__Exercise requirements__. The lines from the one holding "Schreiben von NN" to the final line of the listing below are to be duplicated exactly, with both ends included and pictures omitted.

__Information provided__.
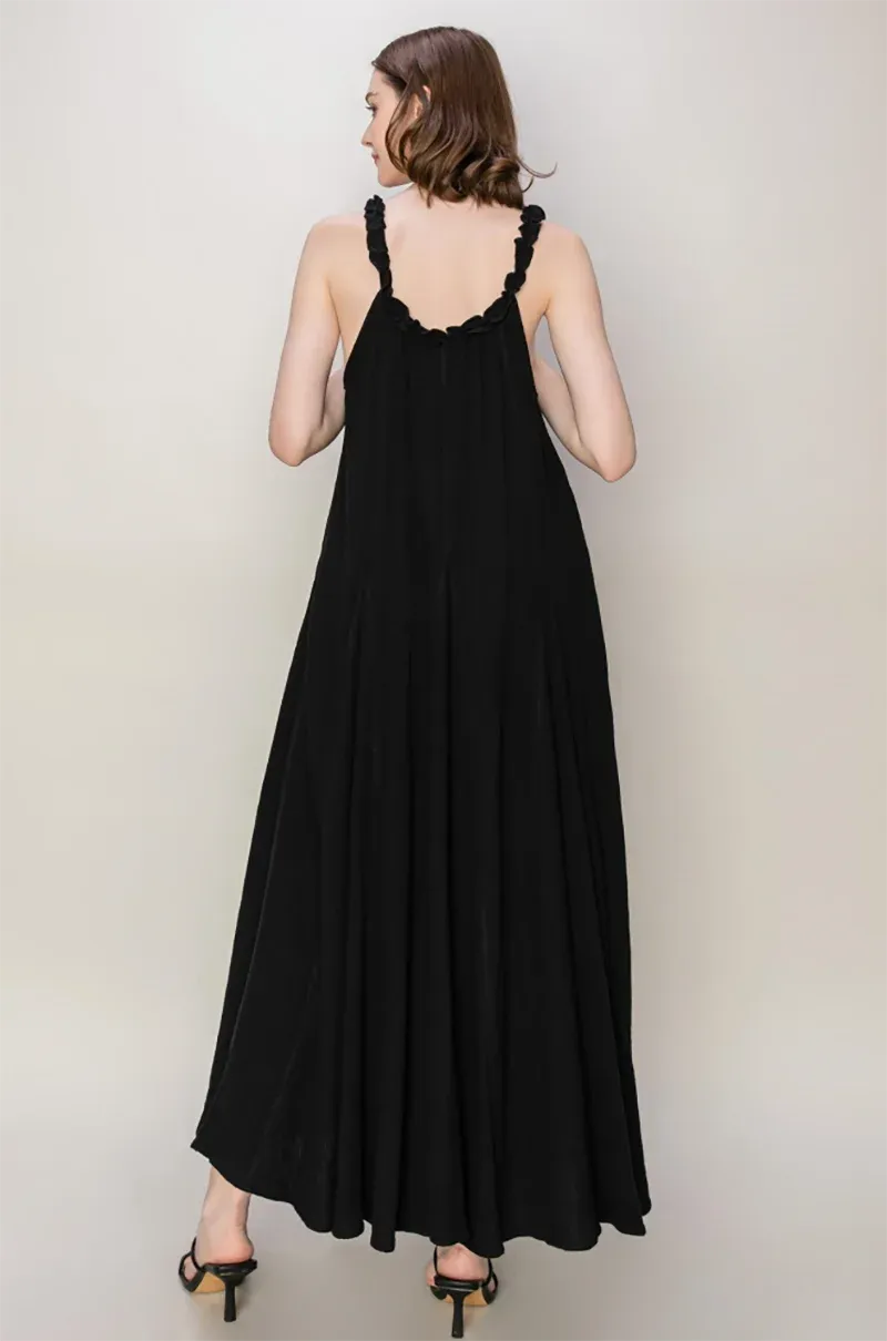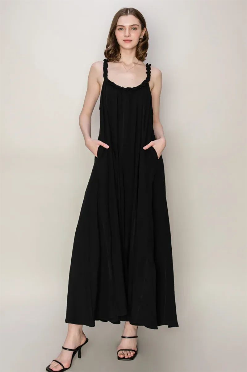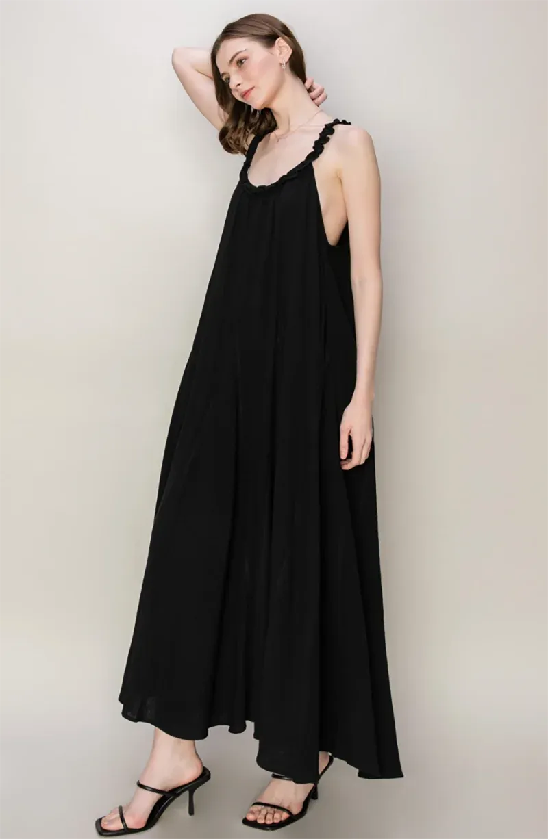 🖤 Features: 100% cotton, lightweight, breathable, ruffle straps, flowy silhouette, ankle length, functional side pockets, relaxed fit, open back design, easy care fabric
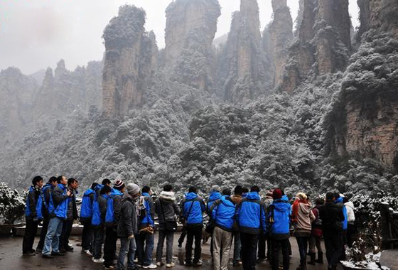 首页 旅游社区 旅游新闻 张家界武陵源 新年新气象 新雪俏装游客爱
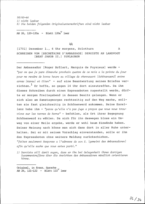 Schreiben von NN Deroiste, Botschaftssekretär, an Beat Jakob II. Zurlauben, Land...
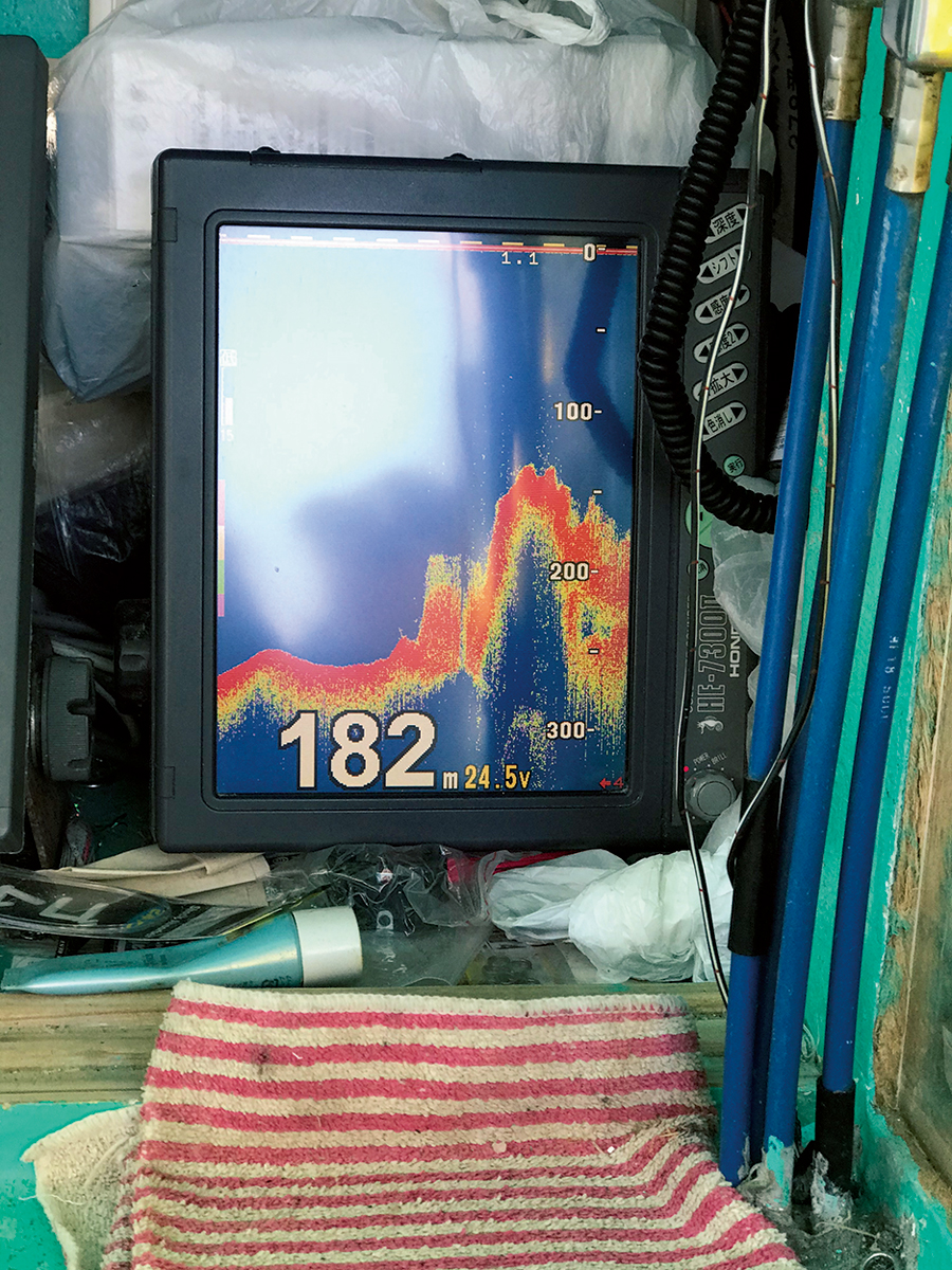 その後、4月24日に、亜由丸船長と2人だけで再び沖に出た。ポイントは、やはり八重根港沖の「エイシン山」と「カミナリ山」だ。潮流は緩く「カミナリ山」では潮が全く動かず、ラインの撓みすらなく真下に落ちていく。昼過ぎまでは、小魚1尾も触れる感覚がなかった。

__Finished task__.
 Schreiben von NN Deroiste, Botschaftssekretär, an Beat Jakob II. Zurlauben, Land...
 その後、4月24日に、亜由丸船長と2人だけで再び沖に出た。ポイントは、やはり八重根港沖の「エイシン山」と「カミナリ山」だ。潮流は緩く「カミナリ山」では潮が全く動かず、ラインの撓みすらなく真下に落ちていく。昼過ぎまでは、小魚1尾も触れる感覚がなかった。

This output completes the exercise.